**Work to complete:** For the data below, retype word for word the lines from the one containing "Have you ever" through the one containing "This week the"; drop the pictures.

Extracted records:
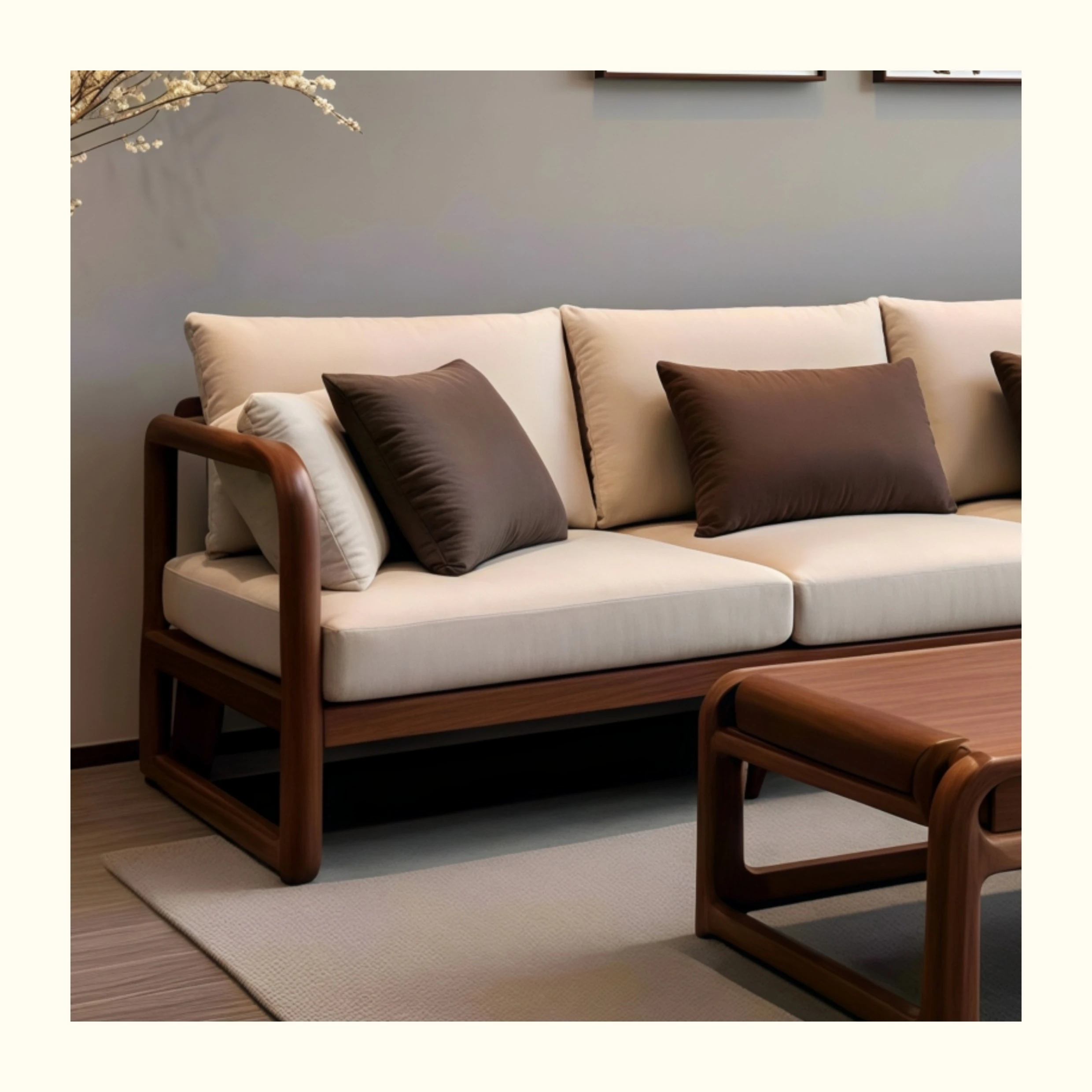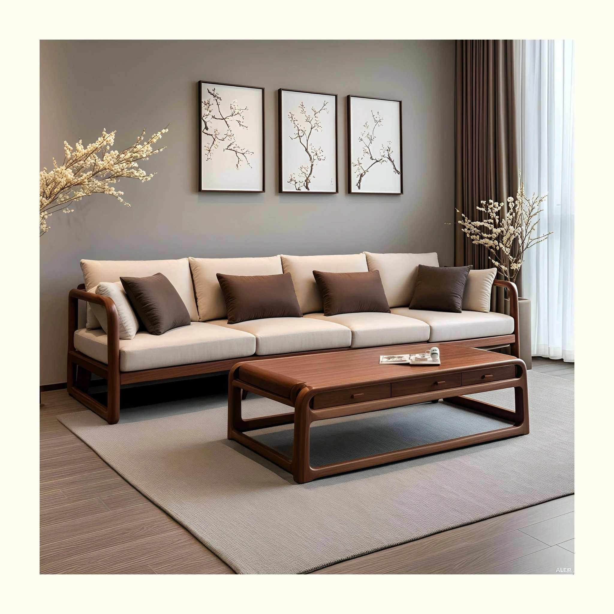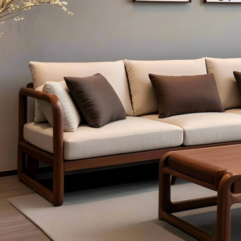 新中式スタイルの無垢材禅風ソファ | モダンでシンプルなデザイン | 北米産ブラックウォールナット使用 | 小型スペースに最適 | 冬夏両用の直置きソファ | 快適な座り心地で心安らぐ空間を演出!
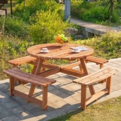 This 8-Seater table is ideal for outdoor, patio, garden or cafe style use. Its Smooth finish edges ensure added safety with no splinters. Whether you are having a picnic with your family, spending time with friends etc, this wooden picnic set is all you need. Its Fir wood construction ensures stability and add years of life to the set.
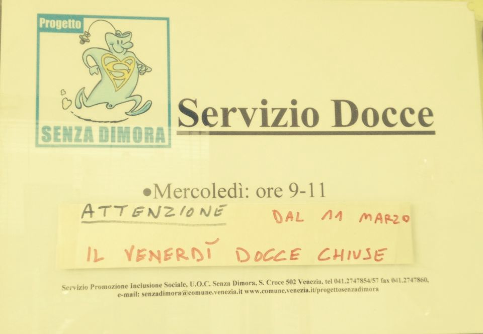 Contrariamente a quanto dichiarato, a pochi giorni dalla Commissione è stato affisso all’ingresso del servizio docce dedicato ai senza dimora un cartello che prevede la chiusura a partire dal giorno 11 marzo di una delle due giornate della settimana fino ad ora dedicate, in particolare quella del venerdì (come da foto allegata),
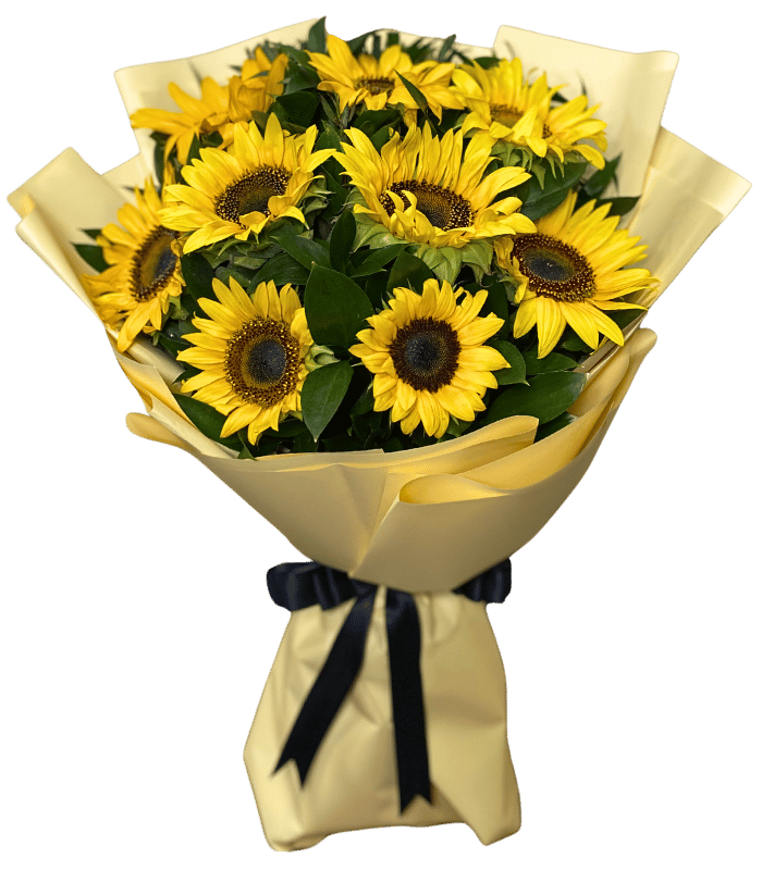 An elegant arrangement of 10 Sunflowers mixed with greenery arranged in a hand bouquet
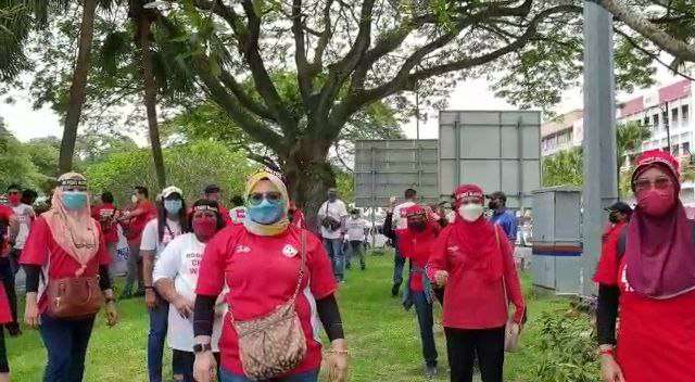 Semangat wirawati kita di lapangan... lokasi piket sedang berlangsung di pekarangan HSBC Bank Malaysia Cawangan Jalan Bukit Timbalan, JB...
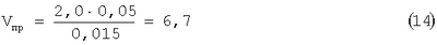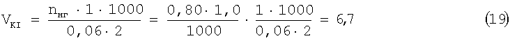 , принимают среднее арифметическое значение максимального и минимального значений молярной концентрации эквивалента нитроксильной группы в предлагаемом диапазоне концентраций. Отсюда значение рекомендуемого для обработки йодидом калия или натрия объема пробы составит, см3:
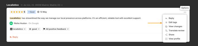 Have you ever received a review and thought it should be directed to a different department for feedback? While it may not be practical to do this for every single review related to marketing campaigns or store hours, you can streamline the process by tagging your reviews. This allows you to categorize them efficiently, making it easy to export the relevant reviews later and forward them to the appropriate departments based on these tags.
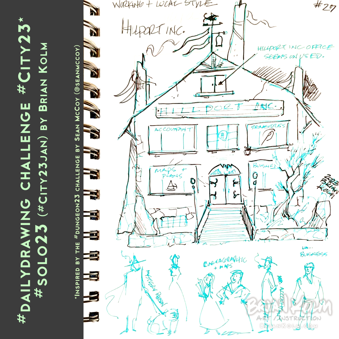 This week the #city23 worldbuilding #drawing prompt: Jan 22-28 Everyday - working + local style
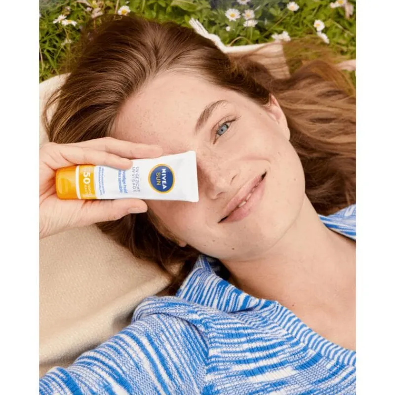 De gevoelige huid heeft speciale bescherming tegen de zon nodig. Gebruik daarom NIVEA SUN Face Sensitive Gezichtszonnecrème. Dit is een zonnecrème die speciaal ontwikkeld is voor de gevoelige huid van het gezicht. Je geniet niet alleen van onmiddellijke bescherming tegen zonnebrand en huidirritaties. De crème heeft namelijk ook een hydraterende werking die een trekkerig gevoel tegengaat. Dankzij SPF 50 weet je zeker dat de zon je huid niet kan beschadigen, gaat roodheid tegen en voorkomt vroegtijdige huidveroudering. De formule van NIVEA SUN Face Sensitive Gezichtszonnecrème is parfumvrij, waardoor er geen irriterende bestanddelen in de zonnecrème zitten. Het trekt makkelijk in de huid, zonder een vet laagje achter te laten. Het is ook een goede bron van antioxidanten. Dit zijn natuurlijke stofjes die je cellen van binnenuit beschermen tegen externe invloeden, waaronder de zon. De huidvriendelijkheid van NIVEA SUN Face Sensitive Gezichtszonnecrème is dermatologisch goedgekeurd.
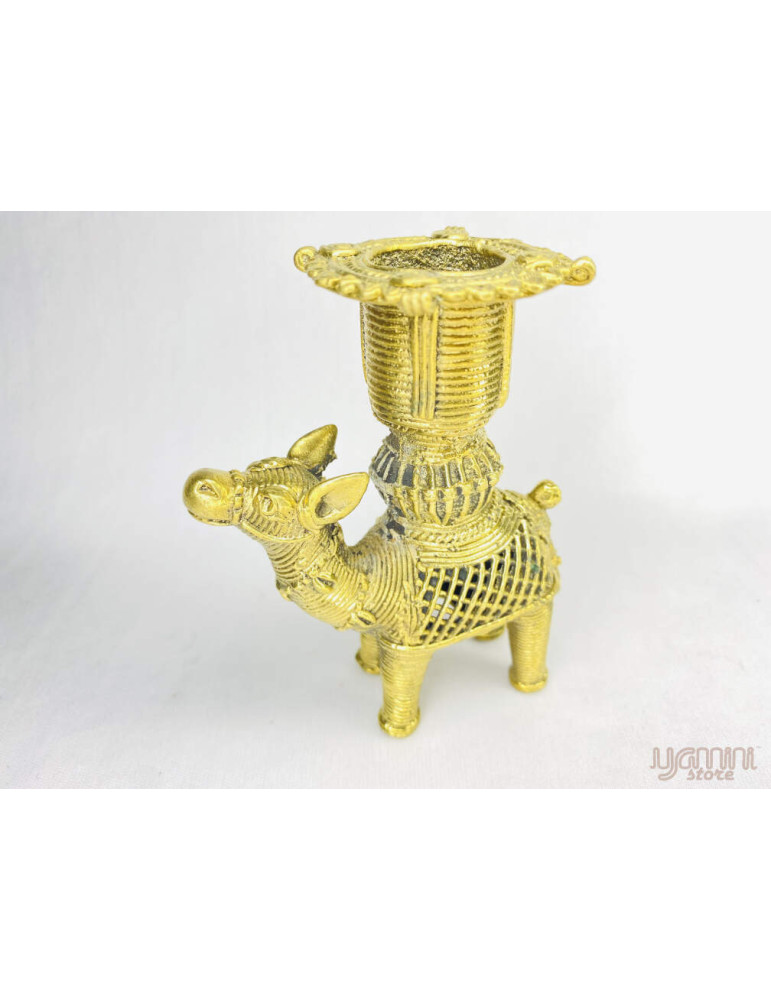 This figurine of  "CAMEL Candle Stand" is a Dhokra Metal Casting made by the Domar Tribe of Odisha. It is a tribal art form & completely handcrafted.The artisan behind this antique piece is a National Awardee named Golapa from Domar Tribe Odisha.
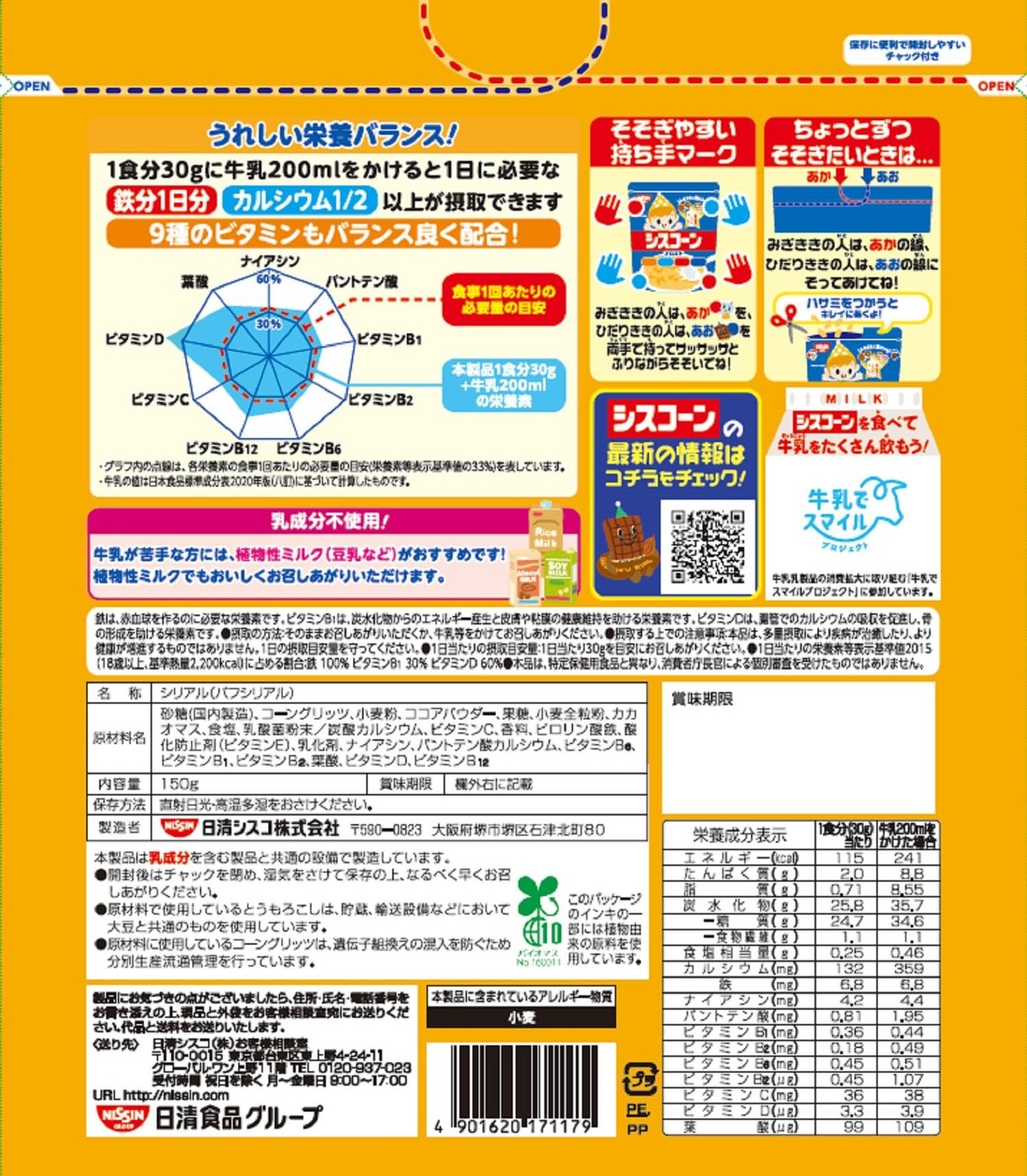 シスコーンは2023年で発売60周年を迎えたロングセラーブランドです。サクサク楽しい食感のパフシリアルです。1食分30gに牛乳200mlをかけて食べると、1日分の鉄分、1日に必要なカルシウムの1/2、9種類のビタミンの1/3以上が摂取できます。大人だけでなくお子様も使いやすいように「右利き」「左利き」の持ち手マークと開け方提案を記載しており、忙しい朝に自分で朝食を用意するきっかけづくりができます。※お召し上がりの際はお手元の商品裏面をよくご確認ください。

**Output below:**
 Have you ever received a review and thought it should be directed to a different department for feedback? While it may not be practical to do this for every single review related to marketing campaigns or store hours, you can streamline the process by tagging your reviews. This allows you to categorize them efficiently, making it easy to export the relevant reviews later and forward them to the appropriate departments based on these tags.
 This week the #city23 worldbuilding #drawing prompt: Jan 22-28 Everyday - working + local style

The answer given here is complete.